• _What to work on_
Find the line below with "在具体实施过程中,朝贡与回赐". Print it and every line after it exactly, through the last line, leaving out the pictures.

• _Source material_
------------------------------
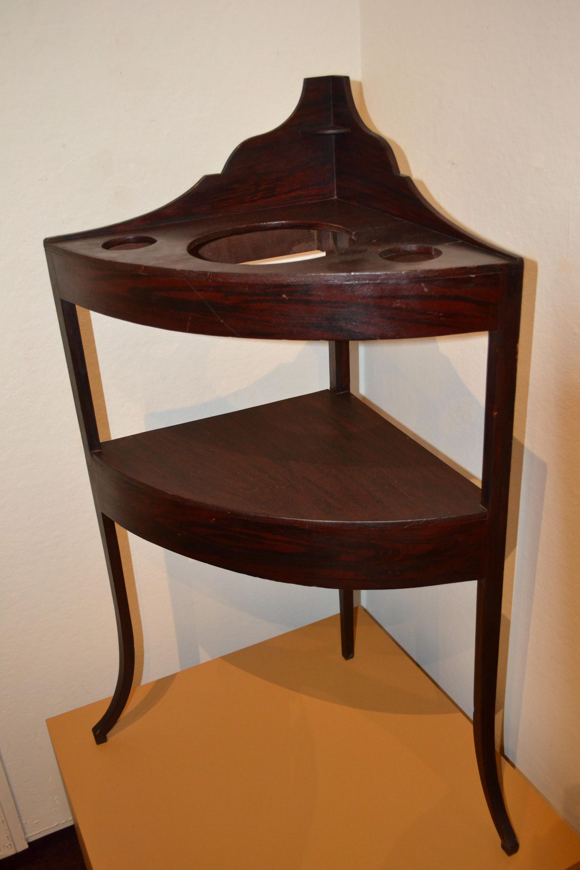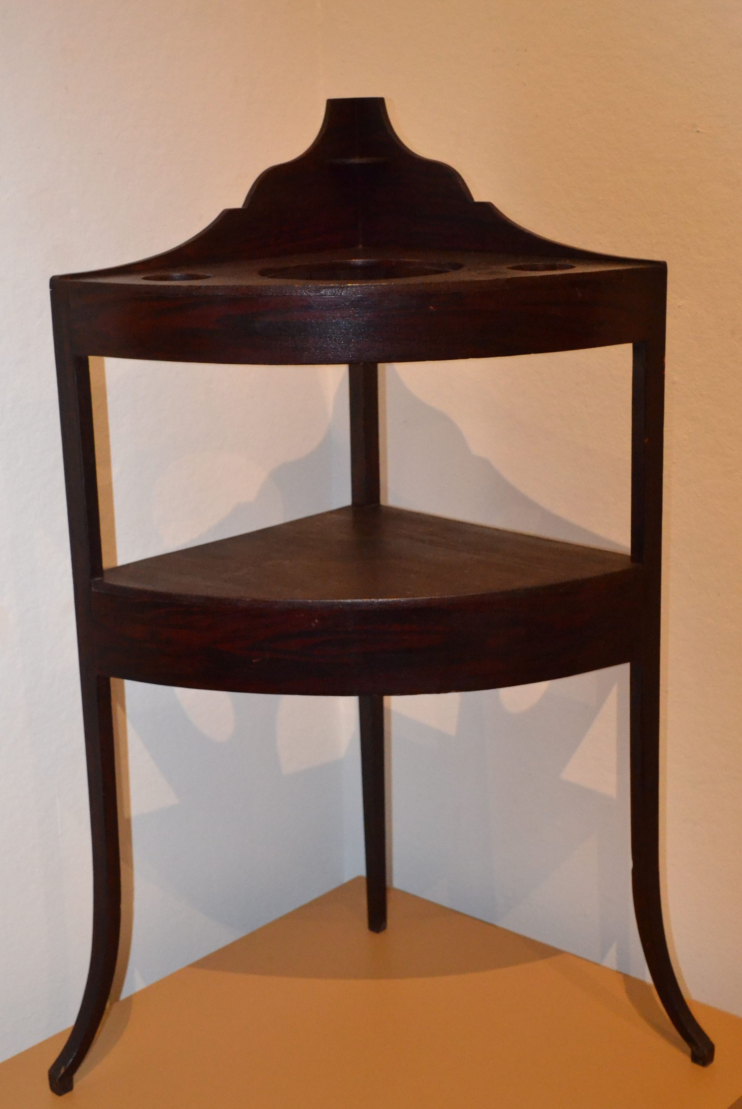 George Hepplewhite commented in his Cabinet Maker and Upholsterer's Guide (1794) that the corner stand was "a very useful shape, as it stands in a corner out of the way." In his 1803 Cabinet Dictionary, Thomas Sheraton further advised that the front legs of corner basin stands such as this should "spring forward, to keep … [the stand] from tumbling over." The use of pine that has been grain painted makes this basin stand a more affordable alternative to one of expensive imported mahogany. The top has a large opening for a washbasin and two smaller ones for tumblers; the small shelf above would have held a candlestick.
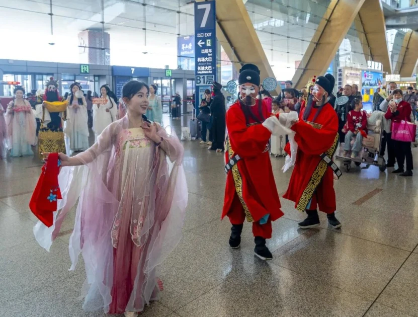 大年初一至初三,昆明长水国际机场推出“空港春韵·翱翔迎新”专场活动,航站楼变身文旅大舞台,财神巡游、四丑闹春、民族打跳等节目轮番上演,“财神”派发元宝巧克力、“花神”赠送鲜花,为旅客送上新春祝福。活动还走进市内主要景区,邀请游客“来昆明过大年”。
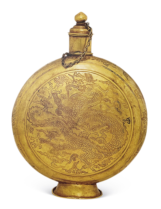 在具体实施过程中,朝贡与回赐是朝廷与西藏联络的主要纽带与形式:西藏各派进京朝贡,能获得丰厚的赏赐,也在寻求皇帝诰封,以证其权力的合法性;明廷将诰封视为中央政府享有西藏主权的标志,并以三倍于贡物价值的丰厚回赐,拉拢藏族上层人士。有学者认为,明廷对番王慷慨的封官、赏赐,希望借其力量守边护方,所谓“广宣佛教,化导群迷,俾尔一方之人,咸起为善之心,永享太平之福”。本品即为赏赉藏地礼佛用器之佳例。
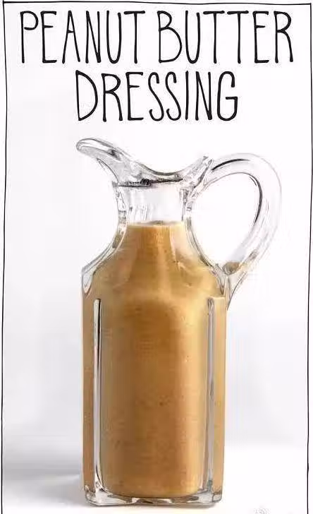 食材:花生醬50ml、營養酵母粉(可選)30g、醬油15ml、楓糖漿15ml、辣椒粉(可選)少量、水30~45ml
------------------------------
• _Final answer_
 在具体实施过程中,朝贡与回赐是朝廷与西藏联络的主要纽带与形式:西藏各派进京朝贡,能获得丰厚的赏赐,也在寻求皇帝诰封,以证其权力的合法性;明廷将诰封视为中央政府享有西藏主权的标志,并以三倍于贡物价值的丰厚回赐,拉拢藏族上层人士。有学者认为,明廷对番王慷慨的封官、赏赐,希望借其力量守边护方,所谓“广宣佛教,化导群迷,俾尔一方之人,咸起为善之心,永享太平之福”。本品即为赏赉藏地礼佛用器之佳例。
 食材:花生醬50ml、營養酵母粉(可選)30g、醬油15ml、楓糖漿15ml、辣椒粉(可選)少量、水30~45ml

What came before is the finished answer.